1

I have an RDD (long, vector). I want to do sum over all the vectors. How to achieve it in spark 1.6?

For example, input data is like

 (1,[0.1,0.2,0.7])
 (2,[0.2,0.4,0.4])

It then produces results like [0.3,0.6,1.1]

regardless of the first value in long

HappyCoding
  • 5,029
  • 7
  • 31
  • 51

2 Answers2

3

If you have an RDD[Long, Vector] like this:

val myRdd = sc.parallelize(List((1l, Vectors.dense(0.1, 0.2, 0.7)),(2l, Vectors.dense(0.2, 0.4, 0.4))))
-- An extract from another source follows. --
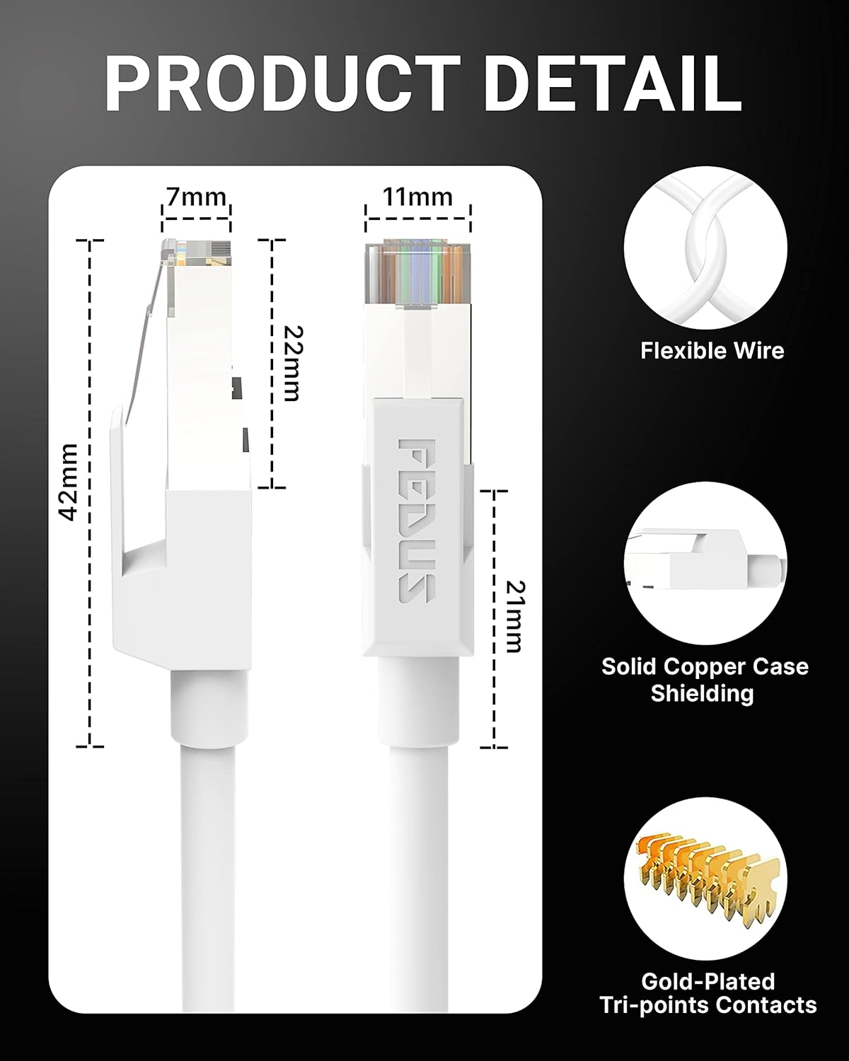 I purchased the FEDUS Cat6 Ethernet Cable (15m) and it works perfectly. The length is ideal for connecting across rooms without losing speed. The build quality is solid, and the connectors fit tightly without any issues. Internet speed is stable and consistent, making it great for streaming, gaming, and office work. At this price, it’s excellent value for money and highly recommended for anyone looking for a reliable LAN cable.

You can reduce the values (vectors) in order to get the sum:

 val res = myRdd
  .values
  .reduce {case (a:(Vector), b:(Vector)) => 
    Vectors.dense((a.toArray, b.toArray).zipped.map(_ + _))}

I get the following result with a floating point error:

[0.30000000000000004,0.6000000000000001,1.1]

source: this

Community
  • 1
  • 1
drstein
  • 1,113
  • 1
  • 10
  • 24
  • May I know what "zipped" does? – HappyCoding Feb 25 '16 at 14:17
  • I can reproduce the given solution. However, when performing on my RDD, it shows error "type mismatch, expected:(vector, vector)=>vector, actual:(vector,vector)=> indexed seq[any]". – HappyCoding Feb 25 '16 at 14:18
  • my data type is RDD([long, verctor]) – HappyCoding Feb 25 '16 at 14:19
  • are your vectors member of scala.collection.immutable.Vector? I suspect we're not using the same collection type. – drstein Feb 25 '16 at 14:25
  • just checked, the vector I used is from org.apache.spark.mllib.linalg, i.e., `sealed trait Vector extends Serializable` – HappyCoding Feb 25 '16 at 14:29
  • is this post related? http://stackoverflow.com/questions/28232829/addition-of-two-rddmllib-linalg-vectors @vzamboni. I think the addition operation should use the one work for the vector in Spark, right? – HappyCoding Feb 25 '16 at 14:32
  • thanks! follow the insights, I just implemented a similar solution. '{case (a:(Vector), b:(Vector)) => Vectors.dense((a.toArray, b.toArray) .zipped .map(_ + _))}' – HappyCoding Feb 25 '16 at 15:01
  • great! glad it helped! i edit the answer with the final solution. – drstein Feb 25 '16 at 15:05
0

you can refer spark example,about:

 val model = pipeline.fit(df)
val documents = model.transform(df)
  .select("features")
  .rdd
  .map { case Row(features: MLVector) => Vectors.fromML(features) }
  .zipWithIndex()
  .map(_.swap)
(documents,
  model.stages(2).asInstanceOf[CountVectorizerModel].vocabulary, 
  //vocabulary
  documents.map(_._2.numActives).sum().toLong)
  //total token count